A differenza della riproduzione per seme, che generalmente da vita a nuovi ibridi, quella per talea riproduce piantine con caratteristiche identiche a quelle della pianta madre.

 

Rinvaso del geranio.

Le piante di gerani, vanno rinvasate ad anni alterni durante le stagioni calde, provvedendo:

  • alla sostituzione del terriccio, ormai povero di elementi nutritivi;
  • all’eventuale riduzione della massa radicale;
  • alla sostituzione del vaso, utilizzando ogni volta un vaso leggermente più grande, se le dimensioni della pianta lo richiedono.

Malattie e avversità dei gerani.

Le piante di geranio possono essere vittime di patologie animali e vegetali.

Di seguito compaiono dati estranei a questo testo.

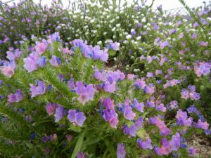 透明感のあるお花、エキウム。繊細そうに見えて葉や茎の細かいトゲが戦闘的。刺さるとマジ痛い。
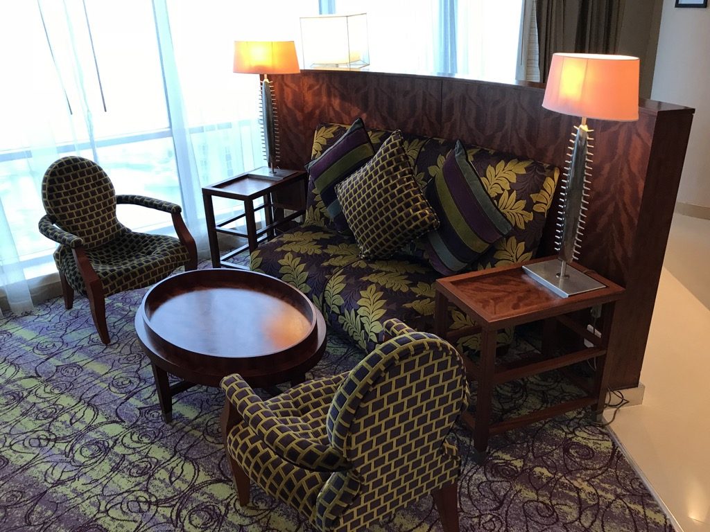 Am Rand der Hotellobby wurden wir an der Rezeption von einer sehr freundlichen Mitarbeiterin begrüßt und eingecheckt. Unsere Daten befanden sich schon alle im Computer, weswegen der Check-In Vorgang sehr zügig abschlossen war. Ursprünglich haben wir einen Superior Sea View Room gebucht, bekamen aber schon beim Check-In ein Upgrade auf eine Executive Sea View Suite, worüber wir uns natürlich sehr gefreut haben. Uns wurde der Weg zum Zimmer erklärt, ebenso wie die Frühstückszeiten und der Zugang zum Internet.
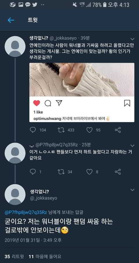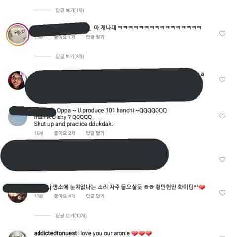 [103+ 3-] İster Wannable olsun ister akgae olsun (ç/n: üyeleri sadece bireysel olarak destekleyen hayranlar) insanların hesaplarına böyle yorumlar yapıldığı için üzgünüm.
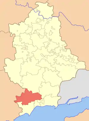 Нико́льский райо́н (укр. Никольський район, до 2016 г. Волода́рский[4]) — административно-территориальное образование на юго-западе Донецкой области Украины, население — 27 740 чел., площадь — 1221 км².
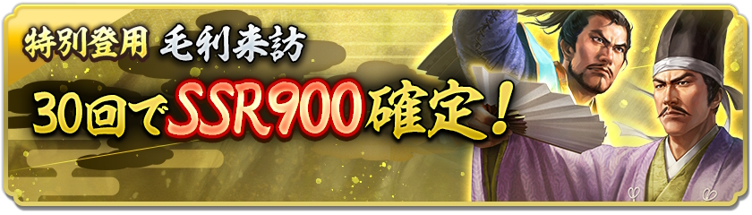毛利家の武将をピックアップした有償小判10連限定の登用。SSR900武将の中から2名選択でき、10回ごとにSSR武将が確定、30回目にはピックアップ武将が確定で入手できる。
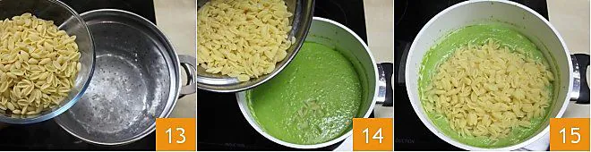 Meanwhile, bring plenty of salted water to a boil and cook the gnocchetti 13 for the time indicated on the package; drain them al dente and quickly toss them in the saucepan with the cream (14-15). Adjust the salt if necessary and serve the gnocchetti with pea cream piping hot.

Tra le patologie fungine più comuni, ricordiamo:

  • il marciume del colletto;
  • la muffa grigie e la cosiddetta ruggine del geranio.

In particolare:

  • il marciume del colletto, colpisce in maniera lenta e irreversibile le foglie basali, il colletto, finendo per coinvolgere in maniera irreversibile la massa radicale;
  • la muffa grigia coinvolge i fiori e le foglie con un feltro grigio, provocando il marciume dei boccioli e delle gemme, mentre la cosiddetta ruggine del geranio si manifesta con pustole rossastre che interessano entrambi i versi delle foglie.
Le patologie fungine sono favorite dalla presenza di umidità e ristagni idrici. Si combattano con appropriati fungicida, nonché rimuovendo le cause, ossia riducendo gli interventi di irrigazione e migliorando il drenaggio

 

Tra i parassiti animali, ricordiamo:

  • le cocciniglie,
  • il ragnetto rosso,
  • i tripidi e gli afidi, piccoli insetti questi ultimi che aggrediscono le foglie ed i fiori delle piante, che finiscono per accartocciarsi.

Per approfondimenti sulle avversità e su come prevenirle e combatterle, potete consultare la guida: “Gerani malattie”.

Coltivazione in vaso dei gerani

In misura più o meno diffusa, i gerani contribuiscono ad ornare la quasi totalità di balconi, terrazzi e giardini delle nostre case grazie alla loro indiscussa attitudine ad essere coltivati in vaso.

Risultano indicati i vasi di terracotta e le cassette di legno, da riempire con un terriccio a base di torba, con la presenza di una percentuale di sabbia, sufficiente ad assicurare il necessario drenaggio.

Per quando riguarda le pratiche colturali, dalla messa a dimora delle piantine, da reperire presso i center garden, agli interventi di innaffiatura e concimazione, dalla cimatura alla rimozione dei fiori secchi, dalla potatura al prelievo delle talee, in quanto compatibile, vale quanto visto per la cura dei gerani in piena terra.